Старый контрразведчик бывший о. Ростислав тоже охотился за своим шефом отцом X. Дело в том, что это и был второй сотрудник сектора. Он иногда общался с начальником посредством шифровок, но никак не мог выйти на его след. Зачем ему было это надо, он и сам не знал, но уверял, что ему было дано такое задание еще в советское время. Это было чистой воды выдумка, потому что о. Х в те годы еще не был священником. Правдой было только то, что с момента образования отдела бывший о. Ростислав был прикреплен к нему в качестве сотрудника и информатора.
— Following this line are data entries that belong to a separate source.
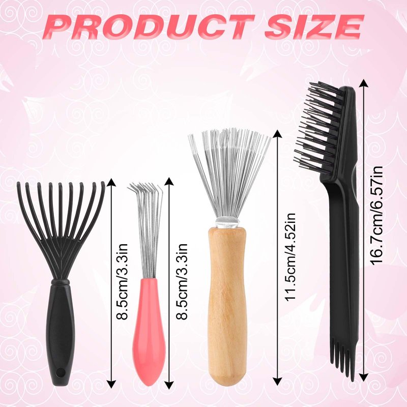 - COMPREHENSIVE SET:This hair brush cleaner tool combines a black double-headed brush, a wooden handle cleaning rake, a pink mini hair cleaning brush, and a black plastic cleaner claw. Ideal for thorough hairbrush cleaning
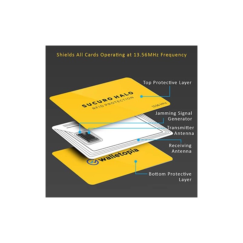 - NO BATTERY REQUIRED - self contained protection, no battery to charge, will never fail against 13.56Mhz signal broadcast
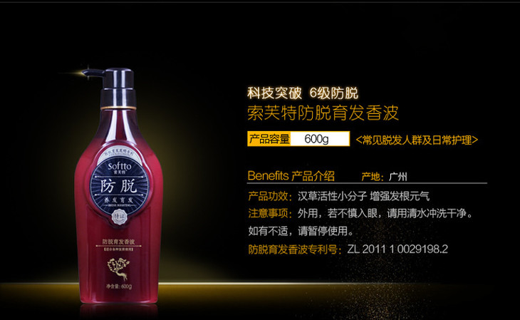 【洗发露】。索芙特防脱洗发 控油去屑防脱发生发增发密发
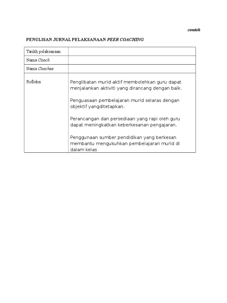 Objektif 1 menerangkan konsep peer coaching dalam plc. Mengamalkan tiga proses utama dalam model pengajaran model lesson pra konferensi pemerhatian dan pasca konferensi 3 mengenal pasti ciri ciri coach yang baik dalam melaksanakan model pengajaran model lesson. Dijemput oleh pihak sekolah tersebut melalui seorang kenalan guru di sana bagi menyertai program plc professional learning communities strategi yang dipilih adalah peer coaching di mana seorang guru mengajar dan guru guru lain memerhati dan berkongsi pengetahuan. Contoh laporan plc teacher sharing jurnal peer coaching dalam entri saya yang sebelum ini strategi tips borang pelaksanaan plc saya sudah kongsikan senarai borang yang perlu ada dalam laporan plc bagi setiap strategi yang dijalankan.
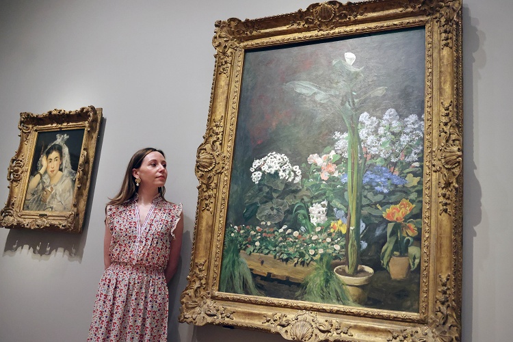 英国科陶德美术馆举办「从戈雅到印象派:奥斯卡·莱因哈特收藏」特展,一幅法国印象派画家 Pierre-Auguste Renoir 1864年油画《百合与温室植物》正在展出,伦敦。这是瑞士知名已故收藏家 Oskar Reinhart 藏品首次在英国大规模展出,共计呈现超过200件画作,包括西班牙浪漫主义画家 Francisco Goya、法国浪漫主义画派先驱 Théodore Géricault、法国现实主义画派创始人 Gustave Courbet,以及多位印象派和后印象派艺术家作品。展期持续至5月26日。摄影师:Neil Hall

Бывший о. Ростислав имел за плечами поистине боевое прошлое. Во время войны он был еще очень молодым человеком. Однажды его вызвало начальство и сказало, чтобы он готовился к выполнению важного задания в тылу врага. Работать надо было священником в одной из церквей на оккупированной территории. Юноша попытался запротестовать, но отказаться было нельзя – партия велела. Он отпустил жиденькую бороду, прошел в течение трех месяцев обучение и отправился в тыл врага. Предание утаило, были ли совершенны над ним церковные таинства, но даже если и не были, то церковный народ все стерпит, вынесет и «чистую ясную грудью проложит дорогу себе…»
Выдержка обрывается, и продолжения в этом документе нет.